History, so the saying goes, is typically written by the winners, and in no arena is that more true than in the race between two candidates. Possessed of outsized ambition, the person who emerges victorious is, more often than not, the one with fat coffers, a well-honed message and a high degree of political savoir faire. This is not that kind of story.
Instead, this is the story of an underdog, a long shot, someone who, by most predictors, is going to lose his race. A Portland man who dreams not of Washington, D.C., but of a modest office in Salem, his name upon the door: State Senator Sean Cruz, District 23.
Should Cruz, 59, beat the considerable odds stacked against him, he will pull in barely $20,000 per year, the current salary of an Oregon state senator. A meager wage, perhaps—but a small fortune to someone who once lived in a two-door Datsun B210, and who, until three years ago, was unable to afford health insurance. Cruz is the sort of candidate who will tell you, straight up, that he takes Zoloft for depression and is a proud member of the National Alliance on Mental Illness. Press him, and he’ll admit that, yes, his late son, who died while enlisted in the Army National Guard, was addicted to OxyContin and heroin. Cruz, fledgling politician, is a man whose handlers—if he had them, which he does not—would be rushing the stage to shut him up.
Yet this is only one way to spin the narrative of his life, for in 2002, after nearly six years of homelessness, Cruz became chief of staff for District 23 State Senator Avel Gordly, whose constituents live in Northeast and Southeast Portland. As chief of staff, Cruz has managed Gordly’s schedule, written drafts and revisions of bills and, increasingly, made policy recommendations.
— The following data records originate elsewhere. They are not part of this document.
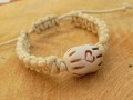 Shamballa náramek z pevné šňůrky režné barvy. Střed náramku je keramický korálek.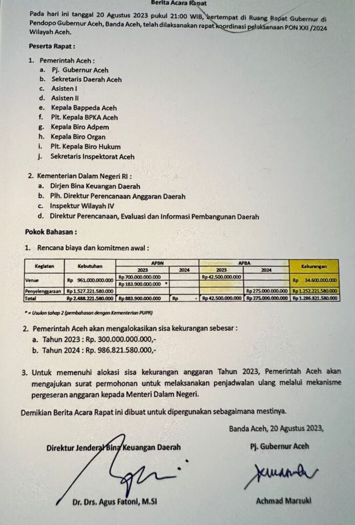 Berita acara rapat pembahasan usulan anggaran PON 2024. Foto Ist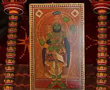 Vettakkoru Makan (Malayalam: വേട്ടക്കൊരുമകന്) is a Hindu deity worshipped in parts of North Kerala and North-Western Tamil Nadu. This deity is alternately referred as Kiratha-Sunu (son of Kirata) in Sanskrit.[1][2] Vettakkorumakan is believed to be the son of Lord Shiva by his consort Parvathi, born when he assumed the form of a Kirata (hunter) to deliver a weapon known as Pashupathasthra to Arjuna. He is mostly and exclusively worshipped in Malabar region of Kerala. The most famous temple of this deity is the Balussery-Kotta Vettakkorumakan temple about 25 km from Calicut. This was once the fort of the Rajas of Kurumbranad. Other prominent temples are at Ramanthali, Nileshwar, Kottakkal, Nilambur, Karaparamba and various places in Kannur district and Kasargod district. He is the family deity of the Rajas of Chirakkal, Nileshwar, Kottakkal, Nilambur Kovilakam, Kalathil Kartha's, Aluva, Amarambalam Kovilakam and Randu Illam Vargam Nambiars. Those families among the nobility of Malabar who have Vettakkorumakan as their family deity are connected in one way or other incidentally to either Balussery Fort or Kurumbranad.Later he moved to Kottanachery temple in Vellur, Payyanur in North Malabar. A special type of firecracker called "Kathina" was his favourite.

When Gordly heads to the senate floor, Cruz is usually beside her, watching debates unfold among legislators. Gordly has been so impressed with Cruz in his capacity as advisor that when she announced her intention to retire at the end of her term in January 2009, she encouraged him to run.
Cruz, a first-generation Mexican-American, now owns a home in District 23’s Parkrose neighborhood, a fact that also lends his story a certain pulled-himself-up-by-the-bootstraps appeal. That he’s experienced firsthand the issues that plague the district—racism, economic disparity, a lack of health insurance—makes him, he feels, uniquely qualified for the seat. On his blog, BlogoliticalSean.blogspot.com, he writes that he is not a “career politician” but a citizen, one whose story reflects “the issues Oregonians care most deeply about,” and not the issues “of those who are efficient campaigners.”